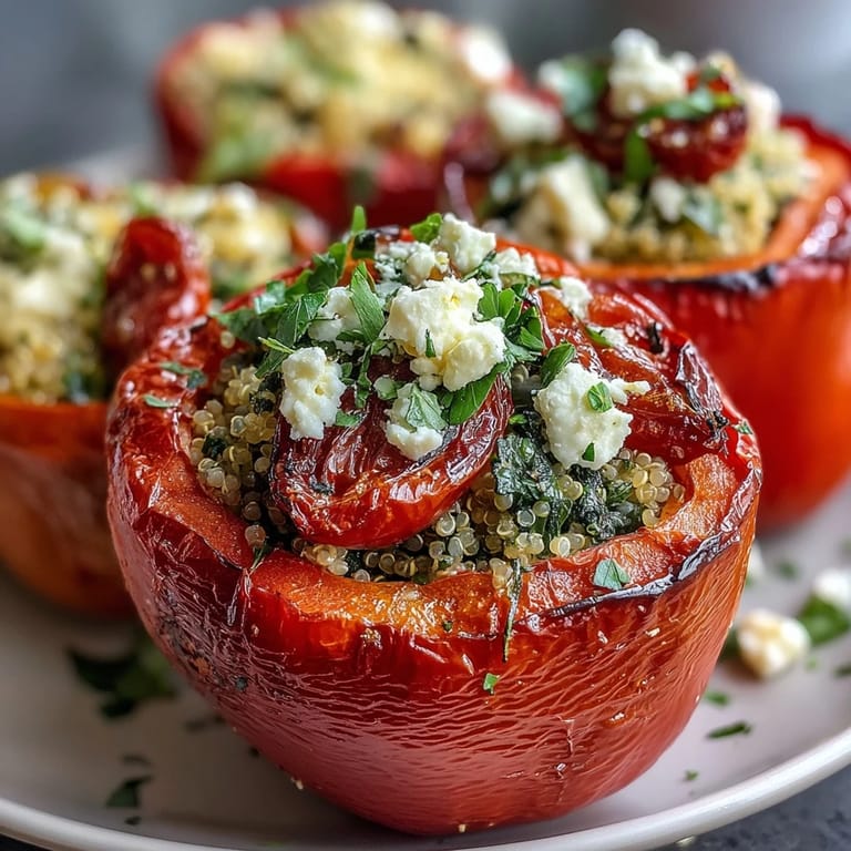 Save There's something deeply satisfying about a dish that brings together vibrant colors, wholesome ingredients, and Mediterranean flavors in one beautiful package. These stuffed bell peppers are filled with fluffy quinoa, fresh herbs, and tender vegetables, creating a meal that's as nourishing as it is delicious. Whether you're looking for a wholesome weeknight dinner or a show-stopping vegetarian main course, this recipe delivers on both flavor and nutrition. The peppers bake until tender, their natural sweetness complementing the savory, herb-infused filling perfectly.
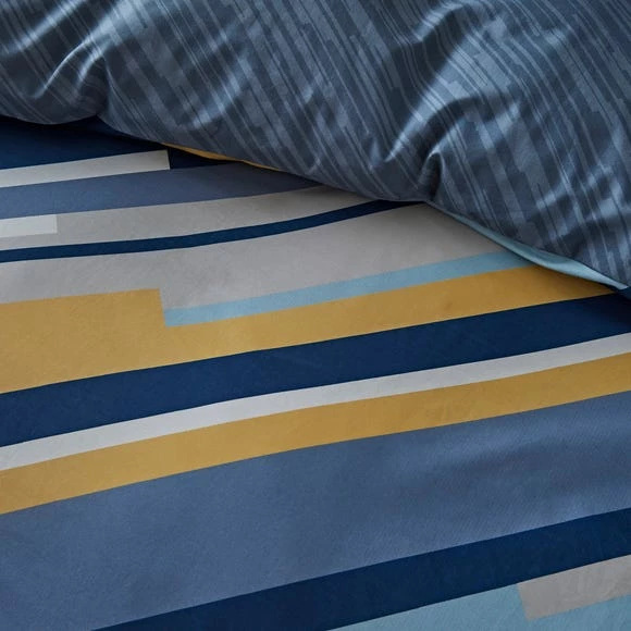 Boasting a stunning modern geometric design, this Hannes reversible bedding set is ideal for adding a contemporary feel to your bedroom. With striking blue and ochre colourways this bedding set would look stunning in any bedroom. Beautifully crafted from 100% cotton is soft, durable and machine washable.
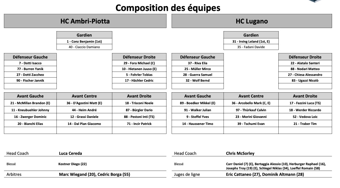 Formation des équipes et joueurs indisponibles pour le match Ambri vs Lugano 15/10/2021 Follow SwissHabs Derniers articles Il y a 14 minutes Kay Schweri pourrait retrouver les montagnes neuchâteloises Il y a 33 minutes NHL : deux autres équipes éliminées de la course aux play-offs Il y a 39 minutes Patrick Kane signe le record de meilleur pointeur américain de NHL Il y a 52 minutes Christian Kirsch et les Rangers balaient leur série Il y a une heure Bonne opération pour les Devils
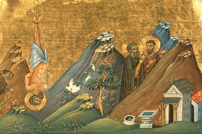 When asked what kind of magic he used to tame wild beasts, Saint Zosimas replied, “I am a Christian.” At Nazareth the tortures began. They tied the Elder head downwards, with a large stone around his neck, and they began to lacerate his body with iron hooks.
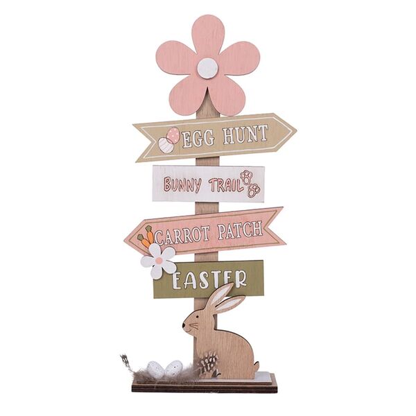 It is made from a quality MDF and depicts a charming signpost giving directions to the Egg Hunt, Bunny Trail & Carrot Patch.
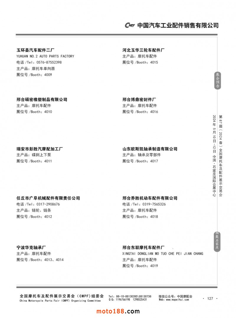 第86屆(2023秋)全國(guó)摩托車(chē)及配件展示交易會(huì)-廣州站參展企業(yè)信息
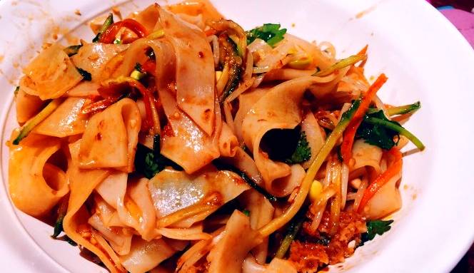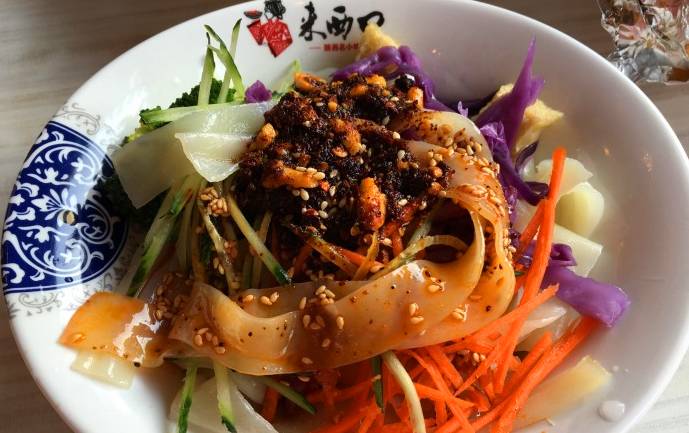 这家的青海凉皮特色之处就在于毫不惊艳的外表下要用香浓的味道,面皮比一般的要宽,叫起来也更有口感,配料有香菜、紫包菜丝和黄瓜丝,清淡的口味细嚼之下满满的花生香味,颇有一番藏族生活的意味。
######
(BRIEF): For this exercise, copy the entries above exactly and skip any picture.

(ANSWER TO THIS PROBLEM):
 Save There's something deeply satisfying about a dish that brings together vibrant colors, wholesome ingredients, and Mediterranean flavors in one beautiful package. These stuffed bell peppers are filled with fluffy quinoa, fresh herbs, and tender vegetables, creating a meal that's as nourishing as it is delicious. Whether you're looking for a wholesome weeknight dinner or a show-stopping vegetarian main course, this recipe delivers on both flavor and nutrition. The peppers bake until tender, their natural sweetness complementing the savory, herb-infused filling perfectly.
 Boasting a stunning modern geometric design, this Hannes reversible bedding set is ideal for adding a contemporary feel to your bedroom. With striking blue and ochre colourways this bedding set would look stunning in any bedroom. Beautifully crafted from 100% cotton is soft, durable and machine washable.
 Formation des équipes et joueurs indisponibles pour le match Ambri vs Lugano 15/10/2021 Follow SwissHabs Derniers articles Il y a 14 minutes Kay Schweri pourrait retrouver les montagnes neuchâteloises Il y a 33 minutes NHL : deux autres équipes éliminées de la course aux play-offs Il y a 39 minutes Patrick Kane signe le record de meilleur pointeur américain de NHL Il y a 52 minutes Christian Kirsch et les Rangers balaient leur série Il y a une heure Bonne opération pour les Devils
 When asked what kind of magic he used to tame wild beasts, Saint Zosimas replied, “I am a Christian.” At Nazareth the tortures began. They tied the Elder head downwards, with a large stone around his neck, and they began to lacerate his body with iron hooks.
 It is made from a quality MDF and depicts a charming signpost giving directions to the Egg Hunt, Bunny Trail & Carrot Patch.
 第86屆(2023秋)全國(guó)摩托車(chē)及配件展示交易會(huì)-廣州站參展企業(yè)信息
 这家的青海凉皮特色之处就在于毫不惊艳的外表下要用香浓的味道,面皮比一般的要宽,叫起来也更有口感,配料有香菜、紫包菜丝和黄瓜丝,清淡的口味细嚼之下满满的花生香味,颇有一番藏族生活的意味。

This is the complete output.